▸ **TASK REQUIREMENTS**:
From the listing below, give again exactly the lines from the line with "落選巴西隊(duì)球員身價" to the line with "keep everything else", ends included, without any pictures.

▸ **DATA BELOW**:
##############################

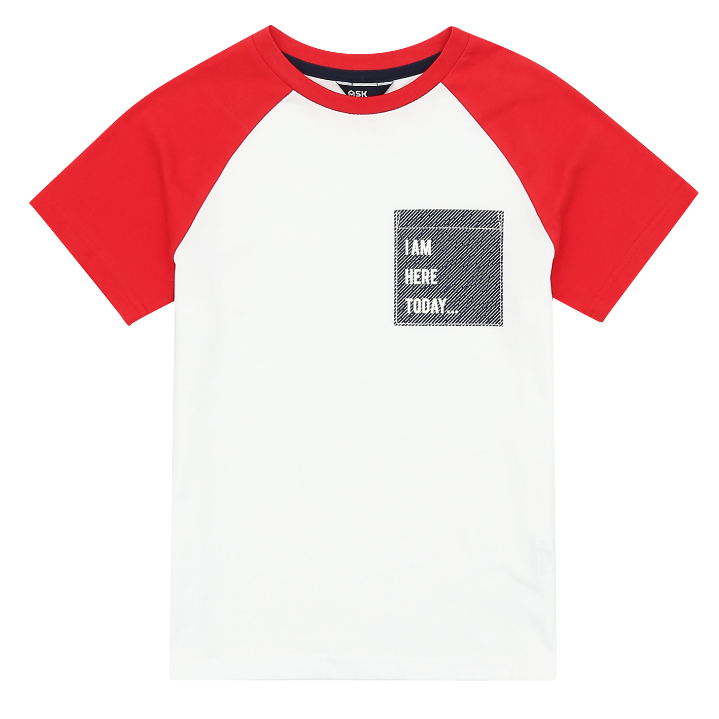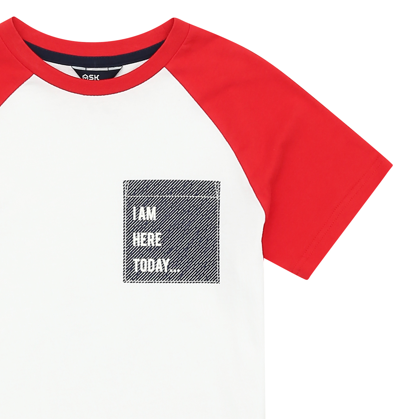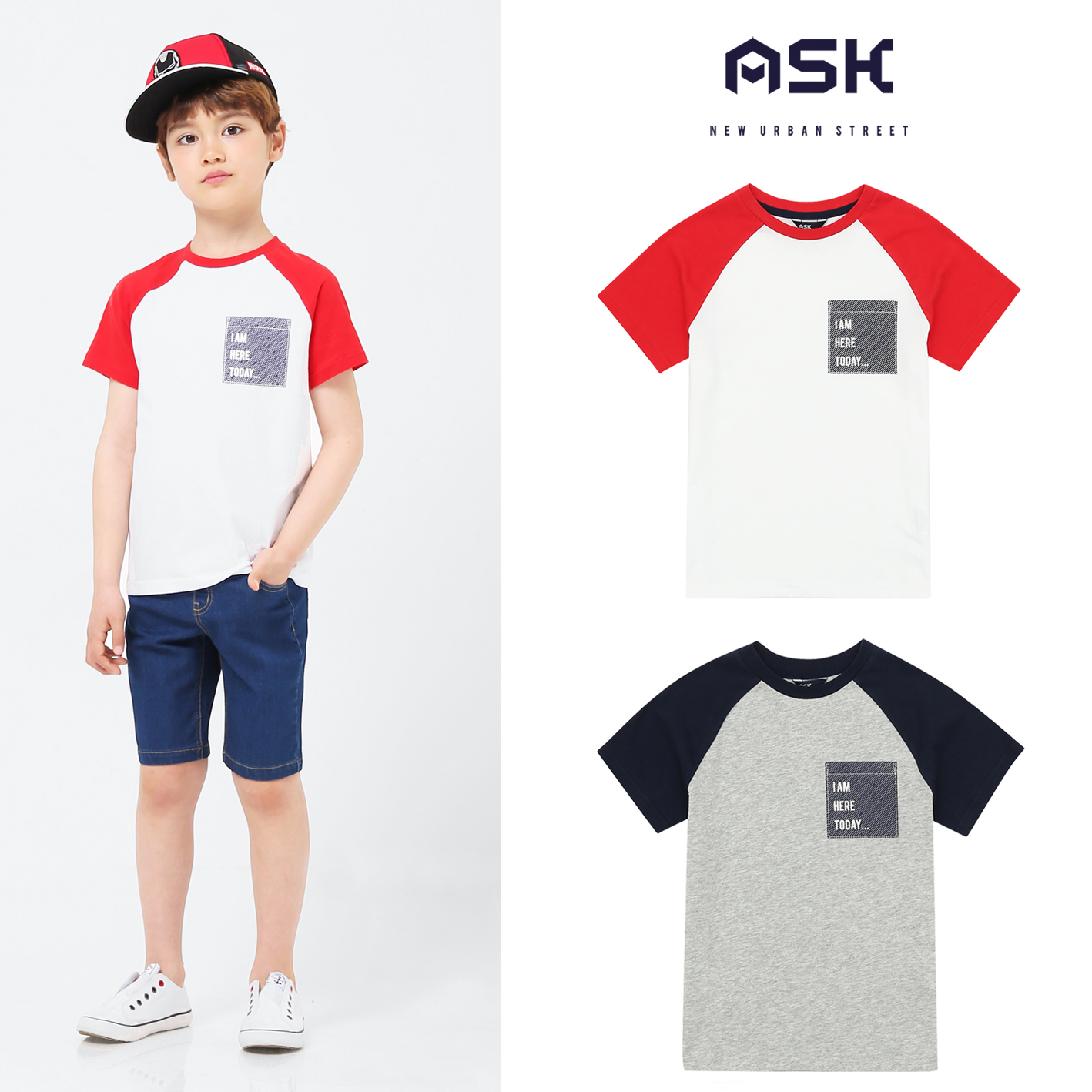 30수 싱글 소재의 기본 라글란 티셔츠. 몸판과 소매 배색을 주고, 가슴에 주머니 나염으로 포인트를 주어 심플하면서도 무난한 아이템.
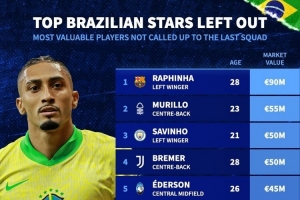 落選巴西隊(duì)球員身價(jià)榜:拉菲尼亞9000萬(wàn)歐居首,穆里略5500萬(wàn)歐
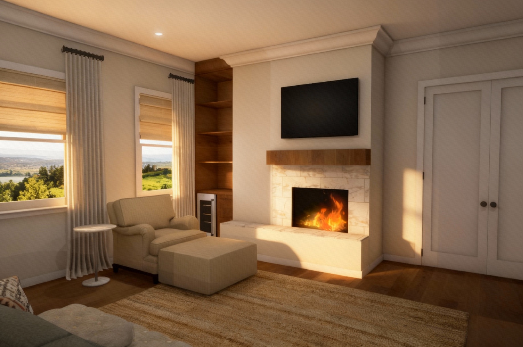 keep everything else identical same materials lighting textures and realism keep the render exactly the same same lighting textures colors and materials extend the stone material all the way up on the two car garage wall and the leftmost wall under the far left window extend the board and batten siding all the way up on the single car garage far right and the wall to the right of the porch remove any half wall material transitions maintain full height materials perfect realism and identical lighting
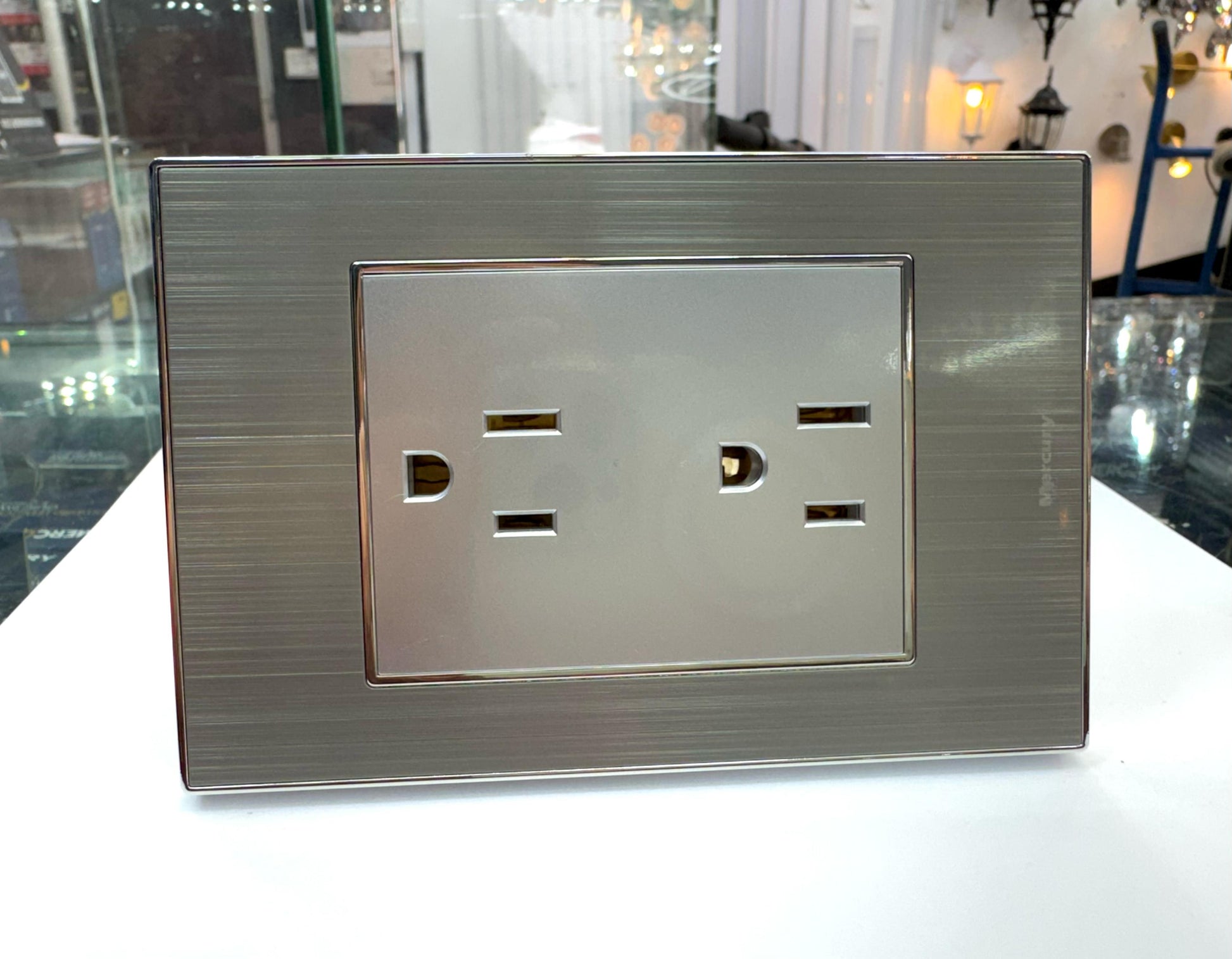 ⚡ La toma doble Premium Stainless ofrece dos salidas de corriente en un diseño contemporáneo de color acero satinado, ideal para complementar ambientes residenciales, corporativos o comerciales de alto nivel.

##############################

▸ **ANSWER BOX**:
 落選巴西隊(duì)球員身價(jià)榜:拉菲尼亞9000萬(wàn)歐居首,穆里略5500萬(wàn)歐
 keep everything else identical same materials lighting textures and realism keep the render exactly the same same lighting textures colors and materials extend the stone material all the way up on the two car garage wall and the leftmost wall under the far left window extend the board and batten siding all the way up on the single car garage far right and the wall to the right of the porch remove any half wall material transitions maintain full height materials perfect realism and identical lighting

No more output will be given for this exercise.